如果指定了–kernel-memcg-notification，则启动实时驱逐，同时也会创建协程启动轮训驱逐

//pkg/kubelet/eviction/eviction_manager.go
// Start starts the control loop to observe and response to low compute resources.
func (m *managerImpl) Start(diskInfoProvider DiskInfoProvider, podFunc ActivePodsFunc, podCleanedUpFunc PodCleanedUpFunc, monitoringInterval time.Duration) {
	thresholdHandler := func(message string) {
		klog.InfoS(message)
		m.synchronize(diskInfoProvider, podFunc)
	}
	//实时驱逐。如果指定了--kernel-memcg-notification，则使能memcg机制，如果达到指定的阈值，就能很快调用synchronize
	if m.config.KernelMemcgNotification {
		for _, threshold := range m.config.Thresholds {
			if threshold.Signal == evictionapi.SignalMemoryAvailable || threshold.Signal == evictionapi.SignalAllocatableMemoryAvailable {
				notifier, err := NewMemoryThresholdNotifier(threshold, m.config.PodCgroupRoot, &CgroupNotifierFactory{}, thresholdHandler)
				if err != nil {
					klog.InfoS("Eviction manager: failed to create memory threshold notifier", "err", err)
				} else {
					go notifier.Start()
					m.thresholdNotifiers = append(m.thresholdNotifiers, notifier)
				}
			}
		}
	}
	
	//轮训驱逐
	// start the eviction manager monitoring
	go func() {
		for {
			//如果synchronize返回值不为空，说明有pod被驱逐了，则调用waitForPodsCleanup等待pod的资源被释放
			if evictedPods := m.synchronize(diskInfoProvider, podFunc); evictedPods != nil {
				klog.InfoS("Eviction manager: pods evicted, waiting for pod to be cleaned up", "pods", format.Pods(evictedPods))
				m.waitForPodsCleanup(podCleanedUpFunc, evictedPods)
			} else {//否则没有pod被驱逐时，需要sleep 10s
				time.Sleep(monitoringInterval)
			}
		}
	}()
}

waitForPodsCleanup堵塞等待pod资源被回收，直到成功或者超时

func (m *managerImpl) waitForPodsCleanup(podCleanedUpFunc PodCleanedUpFunc, pods []*v1.Pod) {
	//最多等待30s
	timeout := m.clock.NewTimer(podCleanupTimeout)
	defer timeout.Stop()
	//每秒执行一次
	ticker := m.clock.NewTicker(podCleanupPollFreq)
	defer ticker.Stop()
	for {
		select {
		case <-timeout.C():
			klog.InfoS("Eviction manager: timed out waiting for pods to be cleaned up", "pods", format.Pods(pods))
			return
		case <-ticker.C():
			for i, pod := range pods {
				//podCleanedUpFunc为pkg/kubelet/kubelet_pods.go:podResourcesAreReclaimed，用来判断pod的资源是否已经被回收，
				//如果仍然被回收则返回false，跳出循环等待下次
				if !podCleanedUpFunc(pod) {
					break
				}
				if i == len(pods)-1 {
					klog.InfoS("Eviction manager: pods successfully cleaned up", "pods", format.Pods(pods))
					return
				}
			}
		}
	}
}

synchronize为evictionManager的核心函数，实时驱逐和轮训驱逐都会调用它

// synchronize is the main control loop that enforces eviction thresholds.
// Returns the pod that was killed, or nil if no pod was killed.
func (m *managerImpl) synchronize(diskInfoProvider DiskInfoProvider, podFunc ActivePodsFunc) []*v1.Pod {
	// if we have nothing to do, just return
	thresholds := m.config.Thresholds
	//如果配置的驱逐阈值集合为空，则返回。
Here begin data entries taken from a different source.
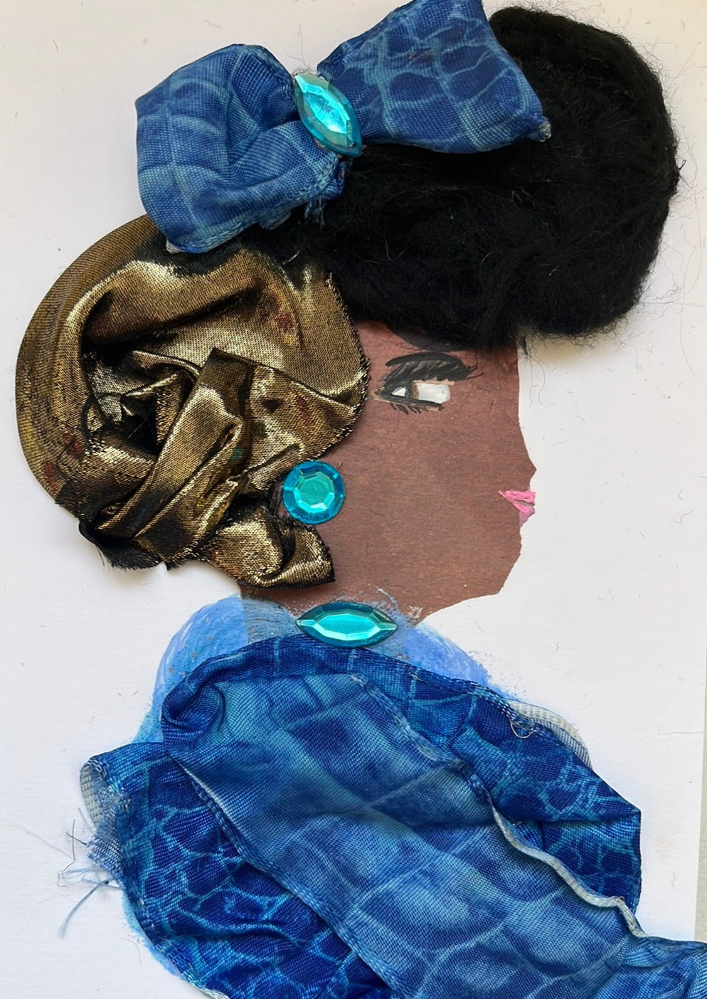 Anya wears a blue animal print blouse with a matching bow. In her hair, she has a bronze silk scarf.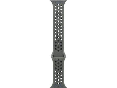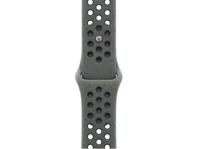 Nike Sport Band er laget med presstøpte perforeringer som gir huden luft. Remmen er slitesterk, men likevel overraskende myk. Den har fargerike flak som skaper et tilfeldig mønster, noe som gjør hver rem helt unik. Det jevne, solide materialet former seg elegant rundt håndleddet og føles behagelig mot huden. En låsepinne av aluminium har en stilren, matt finish.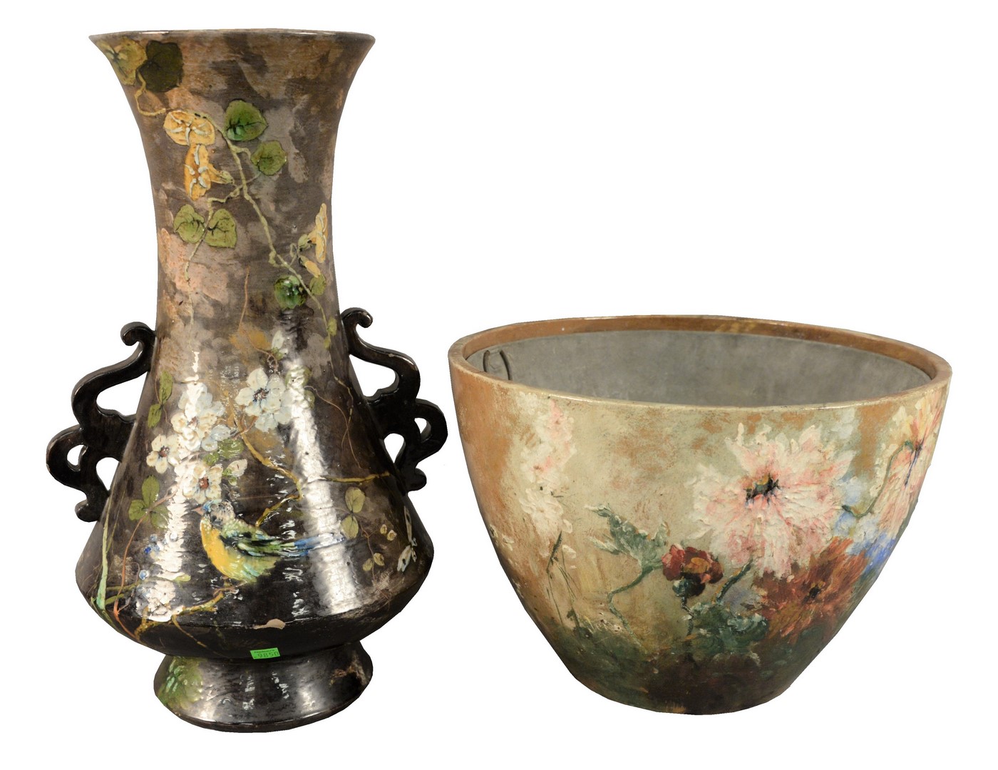 Two Large French Faience Pottery Pieces, to include vase with handles having painted bird and flowers, marked Lappin on the underside, height 16 inches along with a large planter having painted flowers and metal insert, height 11 1/4 inches.

因为有默认值的存在，肯定不会为空
	if len(thresholds) == 0 && !utilfeature.DefaultFeatureGate.Enabled(features.LocalStorageCapacityIsolation) {
		return nil
	}

	klog.V(3).InfoS("Eviction manager: synchronize housekeeping")
	// build the ranking functions (if not yet known)
	// TODO: have a function in cadvisor that lets us know if global housekeeping has completed
	if m.dedicatedImageFs == nil {
		hasImageFs, ok := diskInfoProvider.HasDedicatedImageFs()
		if ok != nil {
			return nil
		}
		m.dedicatedImageFs = &hasImageFs
		//建立驱逐信号到排序函数的映射，比如对于SignalMemoryAvailable，使用rankMemoryPressure进行排序
		m.signalToRankFunc = buildSignalToRankFunc(hasImageFs)
		//建立驱逐信号到node级别资源回收函数的映射
		m.signalToNodeReclaimFuncs = buildSignalToNodeReclaimFuncs(m.imageGC, m.containerGC, hasImageFs)
	}

	//podFunc()为kl.GetActivePods用来获取运行在本node上的active pod
	activePods := podFunc()
	updateStats := true
	//调用summaryProviderImpl.Get获取node和pod统计信息
	summary, err := m.summaryProvider.Get(updateStats)
	if err != nil {
		klog.ErrorS(err, "Eviction manager: failed to get summary stats")
		return nil
	}

	//notifier相关的，暂时忽略
	if m.clock.Since(m.thresholdsLastUpdated) > notifierRefreshInterval {
		m.thresholdsLastUpdated = m.clock.Now()
		for _, notifier := range m.thresholdNotifiers {
			if err := notifier.UpdateThreshold(summary); err != nil {
				klog.InfoS("Eviction manager: failed to update notifier", "notifier", notifier.Description(), "err", err)
			}
		}
	}

	//将获取的node和pod统计信息summary转换到observations，此为驱逐信号到signalObservation的map，signalObservation保存了驱逐信号
	//的总容量，可用值和获取统计时的时间
	// make observations and get a function to derive pod usage stats relative to those observations.
	observations, statsFunc := makeSignalObservations(summary)
	debugLogObservations("observations", observations)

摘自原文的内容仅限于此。